When you reach the line containing "Amasya regions : The" in the records below, start copying exactly, and stop once you have copied the line containing "A beautifully appointed".

### RECORDS FOR THIS TASK
⁂
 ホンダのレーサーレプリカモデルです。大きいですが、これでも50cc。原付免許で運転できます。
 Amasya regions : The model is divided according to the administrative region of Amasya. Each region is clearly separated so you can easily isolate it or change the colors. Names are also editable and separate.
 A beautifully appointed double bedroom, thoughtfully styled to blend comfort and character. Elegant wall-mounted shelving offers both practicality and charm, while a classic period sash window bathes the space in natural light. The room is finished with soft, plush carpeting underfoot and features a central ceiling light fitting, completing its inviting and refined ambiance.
⁂
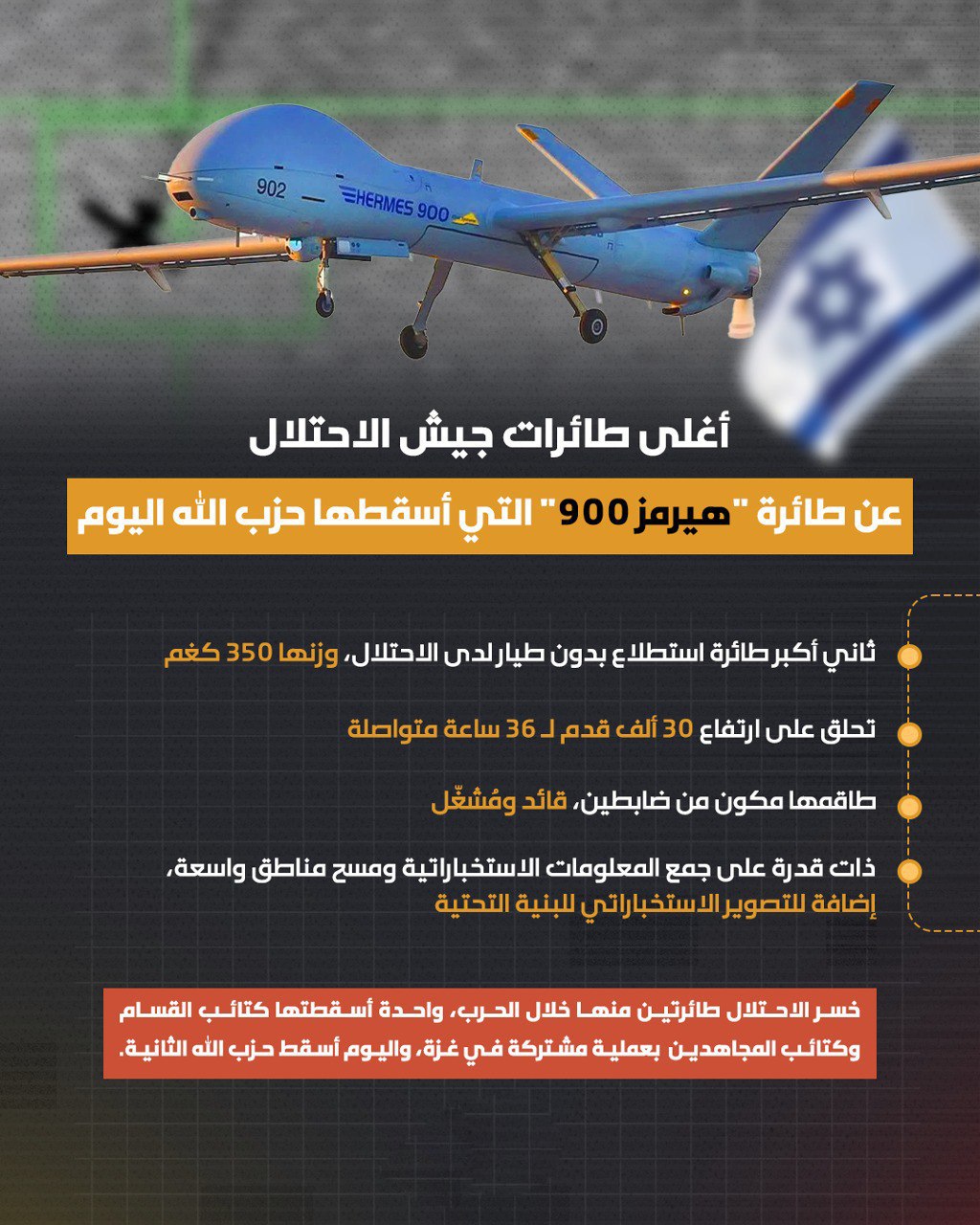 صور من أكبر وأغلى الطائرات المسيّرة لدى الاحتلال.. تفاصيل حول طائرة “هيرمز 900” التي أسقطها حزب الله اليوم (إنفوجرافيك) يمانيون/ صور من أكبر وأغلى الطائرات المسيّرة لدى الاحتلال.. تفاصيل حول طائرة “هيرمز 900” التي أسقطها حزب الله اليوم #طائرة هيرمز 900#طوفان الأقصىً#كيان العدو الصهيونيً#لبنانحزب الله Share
⁂
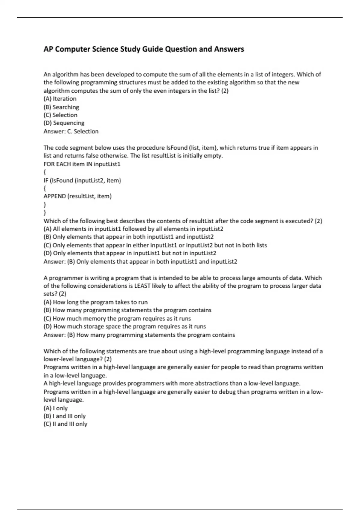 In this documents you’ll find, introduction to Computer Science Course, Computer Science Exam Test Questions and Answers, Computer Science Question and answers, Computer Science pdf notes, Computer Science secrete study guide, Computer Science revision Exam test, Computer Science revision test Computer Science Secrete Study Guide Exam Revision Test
⁂
### ANSWER SPACE
 Amasya regions : The model is divided according to the administrative region of Amasya. Each region is clearly separated so you can easily isolate it or change the colors. Names are also editable and separate.
 A beautifully appointed double bedroom, thoughtfully styled to blend comfort and character. Elegant wall-mounted shelving offers both practicality and charm, while a classic period sash window bathes the space in natural light. The room is finished with soft, plush carpeting underfoot and features a central ceiling light fitting, completing its inviting and refined ambiance.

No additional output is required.